Results from the Rosiglitazone Evaluated for Cardiovascular Outcomes and Regulation of Glycemia in Diabetes (RECORD) clinical trial showed no elevated risk of heart attack or death in patients being treated with Avandia when compared to standard-of-care diabetes drugs. These data do not confirm the signal of increased risk of heart attacks that was found in a meta-analysis of clinical trials first reported in 2007.
The FDA’s actions include requiring modifications to labeling about cardiovascular safety, requiring changes to the Risk Evaluation and Mitigation Strategy (REMS) program, and releasing a postmarket study requirement.
Once the changes are final, rosiglitazone’s indication for use will no longer be limited to certain patients. The FDA anticipates that the new indication will state that the drug may be used along with diet and exercise to improve control of blood sugar in patients with type 2 diabetes mellitus, an indication similar to other diabetes drugs currently available.
Once the changes to the REMS are finalized, health care professionals, pharmacists, and patients will no longer be required to enroll in the rosiglitazone REMS program to prescribe, dispense, or receive rosiglitazone medicines. Patients will also be able to receive rosiglitazone through regular retail pharmacies and mail order pharmacies.

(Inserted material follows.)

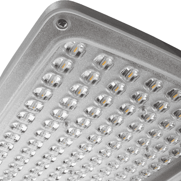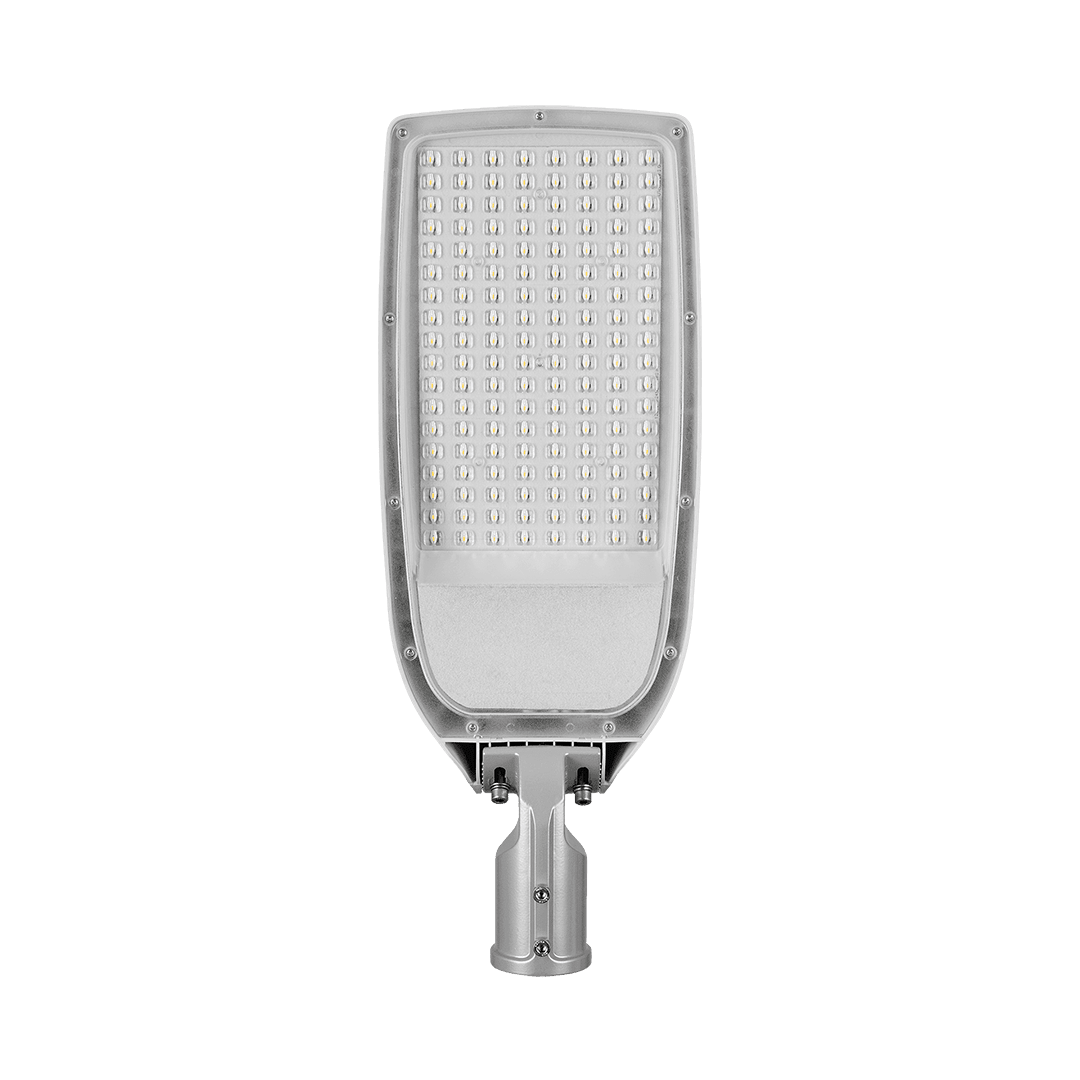 Astra LED-Straßenleuchte mit hoher Lichtausbeute (bis zu 153 lm/W) und energiesparendem, integriertem LED-Modul. Selbstreinigendes Gehäuse aus Polypropylen (PP) mit Fiberglas (GF), Aluminiumgriff. Die Fassung verwendet Richtungs-Linsenmatrizen (aus PC Polycarbonat). Die Leuchte zeichnet sich durch hohe Schutzart IP66 und mechanische Schlagfestigkeit IK08 (vandalismussicher) aus. Der integrierte, alle 5 Grad einstellbare Griff ermöglicht eine Einstellung im Bereich von: -5 bis +15 Grad (obere Befestigung an der Stange), -15 bis +5 Grad (seitliche Montage am Ausleger). Standardmäßig mit einem 0,7 m langen H07RN-F-Kabel mit IP66-Schnellanschluss ausgestattet. Leuchten der Schutzklasse II dürfen nur an einem Metallmast montiert werden. RCR-Sensor, der über eine Fernbedienung gesteuert wird.

The manufacturers of rosiglitazone drugs will be required to ensure that health care providers who are likely to prescribe rosiglitazone-containing medicines are provided training based on the current state of knowledge concerning the cardiovascular risk of these medicines.
The FDA is also releasing GlaxoSmithKline (GSK) from the postmarket requirement to conduct a clinical trial, known as Thiazolidinedione Intervention with Vitamin D Evaluation (TIDE), comparing Avandia to Actos (pioglitazone), the only other approved drug in the thiazolidinedione class, and to standard diabetes drugs. The FDA has concluded that this trial is no longer necessary or feasible.